Seven things it does carefully.
HMAC algorithms
HS256, HS384, HS512 — backed by CryptoKit. Sign and verify with a shared secret.
RSA algorithms
RS256, RS384, RS512 — backed by the Security framework. PEM-formatted keys, sign with private, verify with public.
Adaptive UI
The interface morphs based on algorithm — secret-key field for HMAC, public/private key fields for RSA.
Auto-detect on decode
Paste a token; the algorithm is read from the header and the right inputs appear.
Header / payload / signature
Three panes, each clearly labelled. Edit any of them; encode rebuilds the token.
Sample keys
Paste a token without a key and the sample RSA pair fills in — useful for sanity-checking decoding.
Verify status
Decoded tokens show a clear "verified" / "invalid signature" badge; valid tokens get a green tick.
Four moves around a JWT.
Pick algorithm
HMAC for shared-secret tokens, RSA for asymmetric. Or paste a token and let the header tell us.
Provide a key
HMAC: a secret string. RSA: a PEM-formatted key. The fields adapt as the algorithm changes.
Encode or decode
Edit the header / payload to encode; paste a token to decode.
Read the verdict
"Verified" or "Invalid signature" — clearly displayed. Copy the token or the claims.
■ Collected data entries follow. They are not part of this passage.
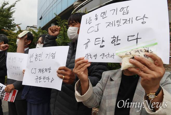 전국쌀생산자협회와 전국농민회총연맹, 한국농축산연합회, 농민의길 대표자들이 CJ... 제일제당 본사 앞에서 기자회견을 했다고 합니다.
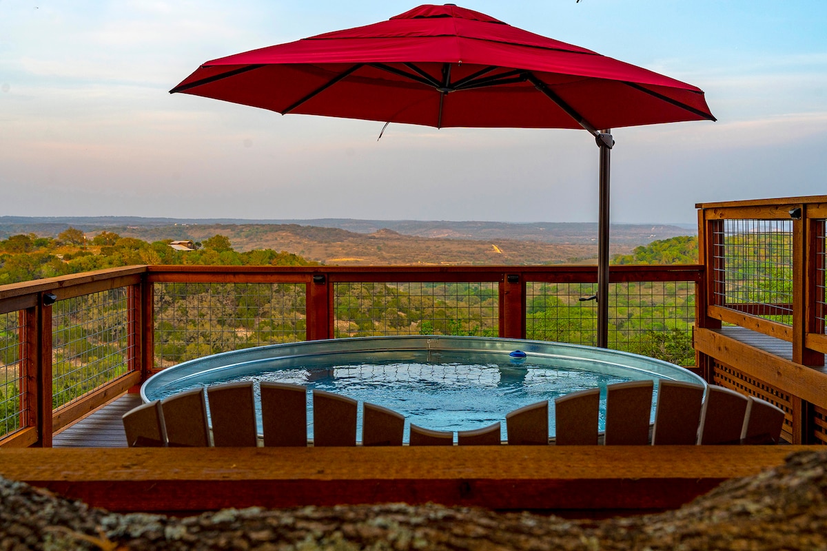 ¡Escápate del ordinario! ¡Fredericksburg BNB con vistas increíbles en nuestra casa en la cima de una colina en 57 ac es tuyo para experimentar todo para ti! Romántico y aislado con vistas impresionantes en todas las direcciones. Perfecto para una «escapada de todo». A poca distancia en auto de las tiendas y bodegas de Main Street. Este es un hogar lejos del hogar con internet Starlink. Sumérgete en nuestra lujosa bañera de hidromasaje, refréscate en la piscina de vaqueros, en la zona de cielo oscuro ideal para contemplar las estrellas, hacer senderismo y explorar la propiedad o simplemente crear recuerdos alrededor de la fogata.
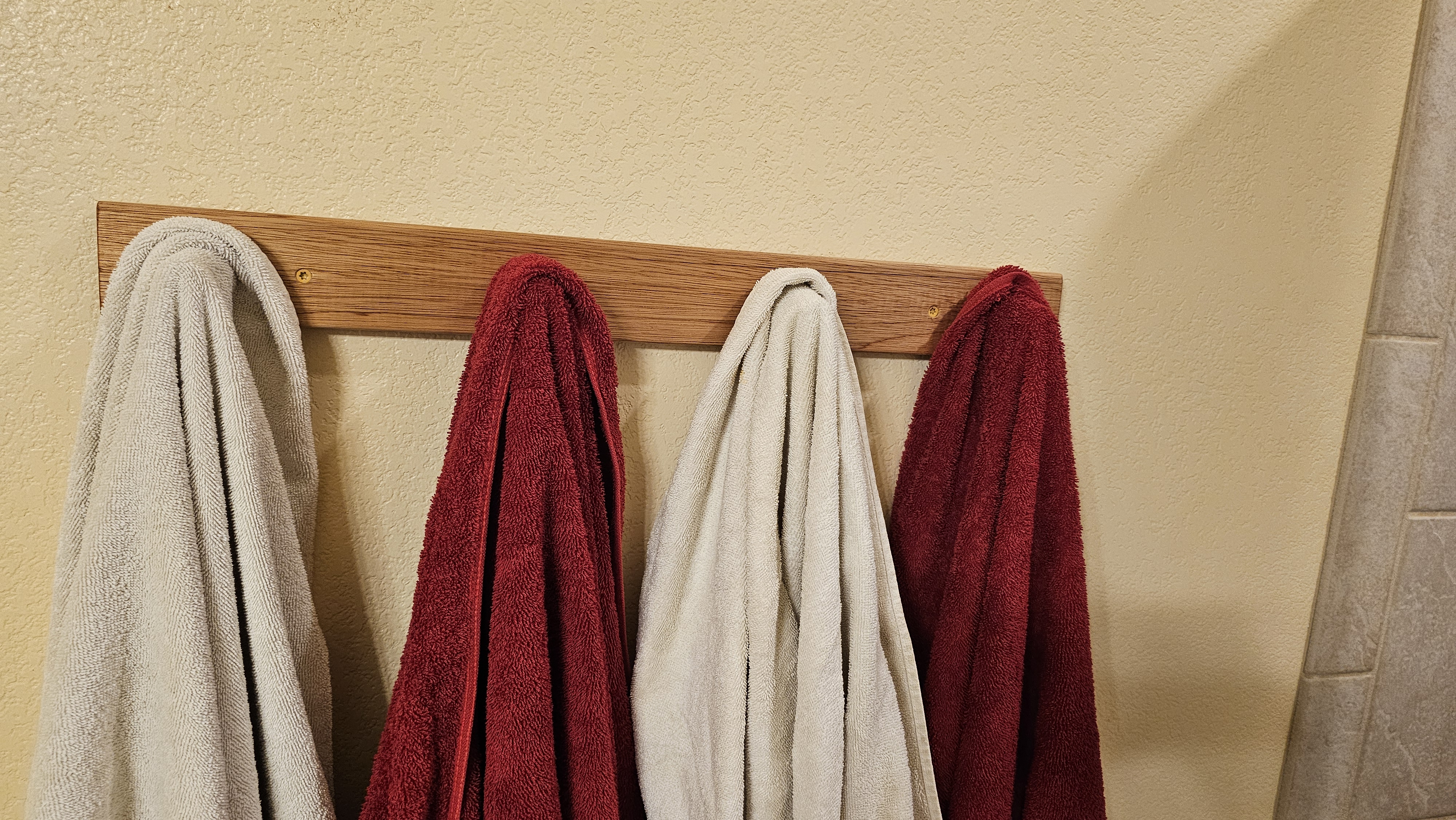 Thanh gỗ tròn dùng có thể có độ dài tùy ý. Tôi đang xài một đoạn 2" thấy hợp với khăn tắm nhà mình.
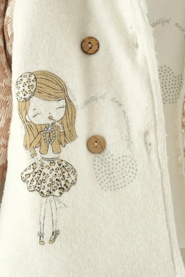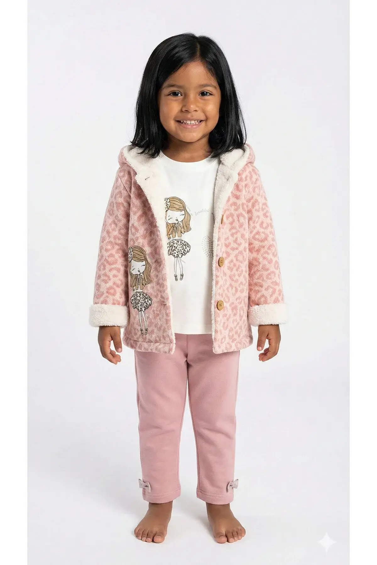 Kız Çocuk Peluş Kaban ve Pantolon Takım (1-2-3 Yaş) Seri - 1126-Bej

The work it actually does.
Inspecting tokens
Decode a JWT from a request header and read the claims without trusting an online tool with your secret.
Token generation
Sign a fresh token with a known key for testing flows that require specific claims.
Verification
Confirm a token was issued by the expected key. Mismatches are flagged immediately.
Header inspection
Read kid, typ, and alg headers when integrating with multiple identity providers.
HMAC ↔ RSA
Re-issue a token under a different algorithm when migrating signing infrastructure.
Fixture tokens
Generate canonical tokens for unit and integration tests, with controlled expiration claims.
Things people ask before they download.
Which algorithms are supported?
HS256, HS384, HS512 (HMAC); RS256, RS384, RS512 (RSA). Six in total, covering the bulk of real-world JWT usage.
How are RSA keys provided?
As PEM-formatted public and private keys. The tool ships with a sample pair; replace them with your own when signing real tokens.
Where does the cryptography come from?
Apple's first-party frameworks. CryptoKit handles HMAC; the Security framework handles RSA key import and signing.
Is the secret key stored?
Only in your local session, so the panel restores after relaunch. Keys never leave your machine; the tool makes no network calls.
Does it verify expiration claims?
The tool decodes exp, iat, and nbf as readable timestamps. Whether the token is currently valid is up to your context.
What happens when the signature is wrong?
The status badge shows "Invalid signature"; the decoded claims are still visible so you can see what was attempted.
Does this require network access?
No. JWT encode/decode is fully local.